A mysterious man buys the town's landmark property, the Lenox Mansion. His arrival fascinates everyone except Felicia Alden, the religious wife of newspaper editor Clyde Alden, Sukie's boss. She senses he (whose name is easily forgotten) is ill-intentioned.

One night, he appears at Jane's recital and makes a spectacle, leading to more gossip. Receiving flowers from D sparks Sukie to remember his name is Daryl Van Horne. Chaos over the name spreads through the crowd. Sukie's pearl necklace breaks, the beads falling all over the floor, causing Felicia (who had mocked his name) to fall down stairs, breaking her leg.

The next day, Daryl seduces Alex. He says rude things whenever he speaks. Appalled, she refuses his advances and begins to walk out. Before she opens the door, he manipulates her emotions until she eventually agrees. The next morning, Daryl visits the insecure Jane. They sit and politely converse, as she explains the Lenox Mansion was built on a site where witches were executed. Later that night, Daryl encourages Jane to play her cello with wild abandon, playing increasingly fast while accompanied by him on piano, until the strings emit smoke, the cello catches fire, and Jane passionately flings herself upon him.

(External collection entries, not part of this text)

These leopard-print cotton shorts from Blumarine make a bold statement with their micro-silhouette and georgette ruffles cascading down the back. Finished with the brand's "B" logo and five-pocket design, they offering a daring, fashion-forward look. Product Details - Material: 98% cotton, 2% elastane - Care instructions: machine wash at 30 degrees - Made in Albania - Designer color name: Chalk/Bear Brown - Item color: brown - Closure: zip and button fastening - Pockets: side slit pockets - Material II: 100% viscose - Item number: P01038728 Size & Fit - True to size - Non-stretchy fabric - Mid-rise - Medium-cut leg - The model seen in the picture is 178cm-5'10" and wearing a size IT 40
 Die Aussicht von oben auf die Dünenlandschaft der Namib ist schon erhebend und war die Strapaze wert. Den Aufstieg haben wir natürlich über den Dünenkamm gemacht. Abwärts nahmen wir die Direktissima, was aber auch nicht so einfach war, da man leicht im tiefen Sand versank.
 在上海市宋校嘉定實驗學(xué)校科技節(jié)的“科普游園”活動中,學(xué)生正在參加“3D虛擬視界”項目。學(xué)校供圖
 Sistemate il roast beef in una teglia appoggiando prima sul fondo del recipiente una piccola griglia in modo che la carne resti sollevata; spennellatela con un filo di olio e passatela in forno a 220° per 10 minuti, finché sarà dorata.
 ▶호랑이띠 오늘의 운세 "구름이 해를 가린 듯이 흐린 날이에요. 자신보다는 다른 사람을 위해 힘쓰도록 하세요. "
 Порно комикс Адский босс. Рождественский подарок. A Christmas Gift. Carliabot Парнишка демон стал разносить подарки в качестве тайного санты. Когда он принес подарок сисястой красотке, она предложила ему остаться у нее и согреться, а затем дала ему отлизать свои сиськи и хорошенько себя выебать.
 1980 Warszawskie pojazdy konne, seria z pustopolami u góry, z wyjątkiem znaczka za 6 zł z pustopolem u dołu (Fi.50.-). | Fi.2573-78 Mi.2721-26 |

The following week, Daryl invites all three over, now seeking Sukie. Envy and rivalry emerge among them and they inadvertently levitate a tennis ball. Now aware of their magical abilities, the women agree to share Daryl. As the women spend more time at Daryl's mansion, Felicia spreads rumors about their indecency, turning the trio into social outcasts. As the witches begin to question their loyalty to Daryl, he causes them to unknowingly cast a spell against Felicia. Later that night, while ranting to her husband about Daryl being the Devil, she begins to vomit cherry pits. Horrified by her uncontrollable behavior, Clyde kills her with a fire poker.

After Felicia's death, the trio, fearing their powers, agree to avoid each other and Daryl until the situation stabilizes. Upset at being abandoned, he awakens their worst fears. Alex thinks she is covered with snakes; Jane rapidly ages; and Sukie has agonizing pain. Realizing they can only remove Daryl through witchcraft, they reunite with him, pretending to make amends. They all also discover they are pregnant.

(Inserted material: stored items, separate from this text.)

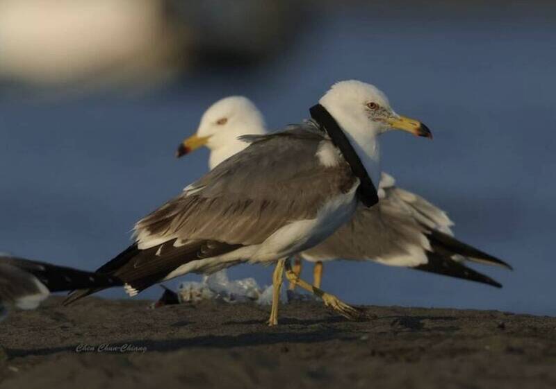 陳俊強近日在汕尾地區發現1隻嘴巴被漁網纏住,隨身帶著1塊保麗龍的黑尾鷗,無獨有偶,台東卑南溪口同期也出現受困黑尾鷗,他說,最近幾年東海岸和西海岸都陸續出現類似畫面,高雄林園、澎湖和台東富岡都曾出現過「黑頸圈黑尾鷗」
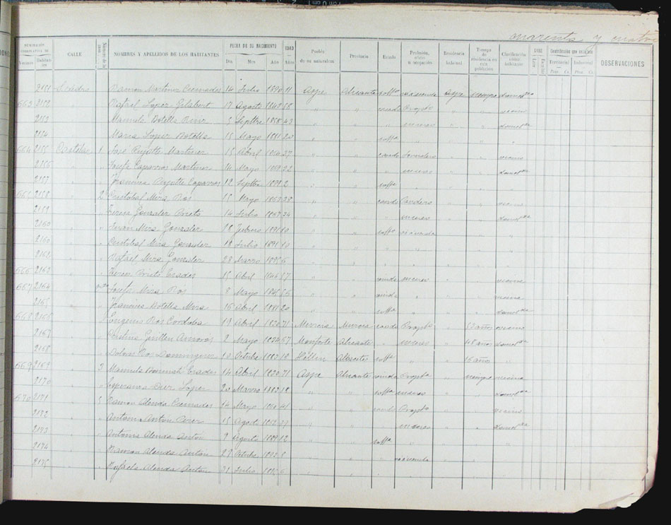 Hojas declaratorias por familias y Padrón de habitantes, 1877
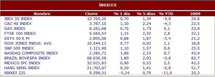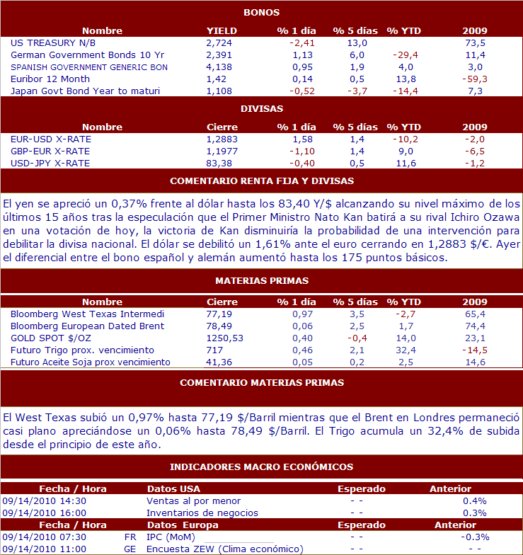Las bolsas occidentales han iniciado la semana con alzas, gracias a los buenos datos de Producción Industrial en China y los nuevos requisitos de solvencia para los bancos, que fueron acogidos con optimismo por parte de los inversores, cuando hoy se cumplen dos años de la quiebra de Lehman Brothers. Los bancos fueron los grandes protagonistas de la jornada y en Wall Street ayudó también la actividad de fusiones y adquisiciones, que tuvo como protagonistas a HP, Genzyme y Hertz. Ayer no se publicaron referencias económicas relevantes. Hoy en Europa estaremos atentos a la publicación de la encuesta ZEW sobre el clima económico y la situación actual en Alemania y en la UE y el IPC en Francia y Reino Unido, mientras en EEUU conoceremos los Inventarios de Negocio y las Ventas al Por Menor de agosto. Tendencia mixta en los mercados asiáticos, con el Nikkei japonés que perdió un 0,24% debido a la caída de las compañías exportadoras que han vuelto a verse perjudicadas por la fortaleza del Yen.

The next morning, the trio send Daryl on an errand while Alex uses wax and his hair to create a voodoo doll of him that they harm, hoping he will leave. As the spell takes effect, Daryl – still in town – is hit by a wind and begins to feel excruciating pain (each event corresponding to something the women do to the doll). He hides inside a church from the wind and finds it full of worshippers. Realizing the source of his troubles, he rants about the women, cursing them as a group before vomiting cherry pits as Felicia did. Enraged, Daryl races home to punish the witches for their betrayal. Unsure if the voodoo has affected him, they attempt to behave normally, only to be shocked when he enters the mansion disheveled, incoherent, and seeking revenge.

In the ensuing chaos, the doll breaks into pieces. This causes Daryl to transform into a giant monster that attempts to shake the mansion apart and starts a fire. The witches then toss the broken doll into the fire, causing Daryl to change into a shriveled homunculus and vanish.

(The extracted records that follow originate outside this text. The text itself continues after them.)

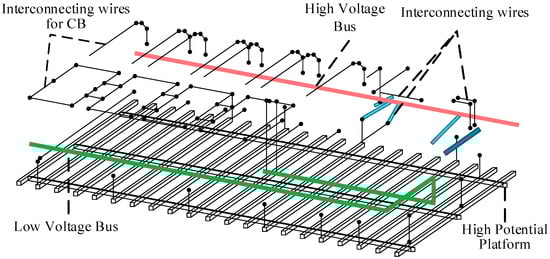 In addition to the high-potential platform and the primary equipment installed on it, the connecting conductors linking various pieces of primary equipment are also critical components that must be considered in the modeling of the UHV FSC [20]. The multi-conductor system formed by these connecting conductors, together with the high-potential platform and the high-voltage and low-voltage busbars, can accurately reflect the electromagnetic transient processes induced by primary equipment operations in the simulation. The multi-conductor modeling of the primary system on the UHV FSC platform is shown in Figure 4.
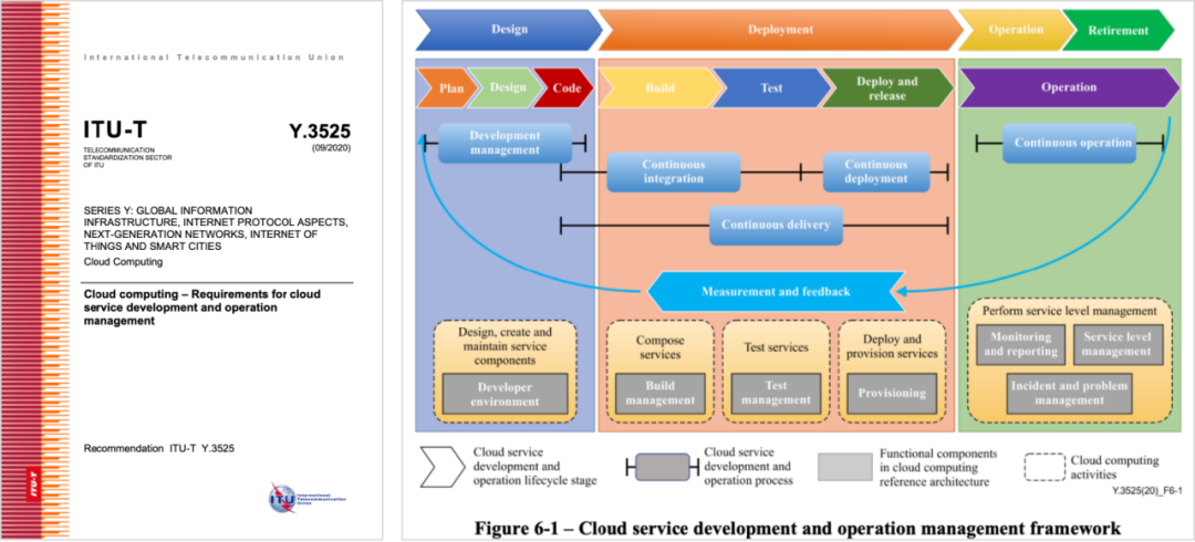 与此同时,DevOps 标准已于2020年7月在联合国直属标准化组织 ITU-T 正式结项并可正式评估(标准号:ITU-T Y.3525 )。研发运营一体化(DevOps)总体架构可划分过程(敏捷开发管理、持续交付、技术运营)、应用设计、安全及风险管理、系统和工具、业务价值管理、合作开发运维、持续测试、效能度量、平台工程、系统可靠性与连续性工程等。
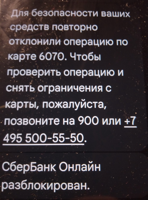 Иду в банкомат, вставляю карту, набираю сумму, о оттуда -КУКИШ! Карта заблокирована. Я к оператору. Она посмотрела, говорит, Вам прислал банк СМС. Читайте. Просят позвонить по номеру 900. Звоню...Отвечает молодой человек, говорит, что система заметила подозрительную операцию и заблокировала карту.Спрашиваю, что моя физиономия Банкомату не понравилась?Это раньше я был молодой и красивый, а теперь только красивый! Деньги мои отдай! И тут началось. А почему Вы снимаете всю сумму, Вас никто не заставляет? Отвечаю, мои деньги, сколько хочу, столько и снимаю! А вот мошенники сейчас обманываю людей, мы Вас должны обезопасить! Вас ещё не пытались обмануть? Говорю, да. Пытались. Спрашивает, а как? Отвечаю, хотели узнать цифры с обратной стороны банковской карты. И вы сказали? Я - да. Сказал, что у меня не цифры, а заморские буквы. Пиши! "ИКС", потом "ИГРЕК" и "ЗЭТ", правда перевёрнутая и кавычка сверху. Больше мне они не звонили. Но товарищ не понял и минут двадцать читал мне лекцию и злодеях. Не о злодЕях, а о злОдеях. Я понимаю, что это его работа, да и правильно делает. Таких случаев обмана много. Так что пока он мне втолковывал азы безопасности, я сходил в магазин, закупился и пришёл получить свои кровные...Во как!

Eighteen months later, the women are living together in Daryl's mansion, each with a new baby son. The boys are playing together when Daryl appears on a wall filled with video screens, inviting them to "give Daddy a kiss". Before they can, the ladies appear and switch off the televisions, to his chagrin.

==Production==
===Casting===
Jack Nicholson expressed interest in playing the role of Daryl through his then-girlfriend Anjelica Huston, after hearing that the original actor for the role, Bill Murray, had dropped out. Huston was in the running for the role of Alexandra Medford, and screen-tested opposite Michelle Pfeiffer, who had already been cast as Sukie, and Amy Madigan, who was being considered for the role of Jane. After giving a self-confessed "terrible" audition in which she struggled with the "tough" dialogue, Huston realized she had lost the role, and it would be eventually acquired by Cher; but Cher insisted on playing the part of Alexandra, which had already been given to Susan Sarandon. Producers gave in to Cher's demands and cast her in the role instead, without ever giving Sarandon proper notice of the revision. She did not find out that her role had been given to Cher, and that she herself had been re-cast as Jane, until the day she turned up on location to start filming. Cher later said that prior to working on the film, director George Miller called her at home, the day after her 40th birthday, to inform her that he and Nicholson didn't want her in the film. She was deemed "too old and not sexy".

===Filming===
The Witches of Eastwick was originally set to be shot in Little Compton, Rhode Island, but controversy erupted in Little Compton over whether or not its Congregational church should be involved with the film's production. Warner Bros. Pictures instead turned to locations in Massachusetts. Principal photography began on July 14, 1986, and took place over the course of six weeks in Cohasset and nearby Massachusetts towns, such as Marblehead and Scituate. Castle Hill in Ipswich, Massachusetts, was used for the exterior of the Lenox Mansion, while the lobby of the Wang Theatre in Boston stood in for the main hall. Other interiors were filmed at the Greystone Mansion in Beverly Hills, though the swimming pool and Daryl's library were sets built on the Warner Bros. backlot.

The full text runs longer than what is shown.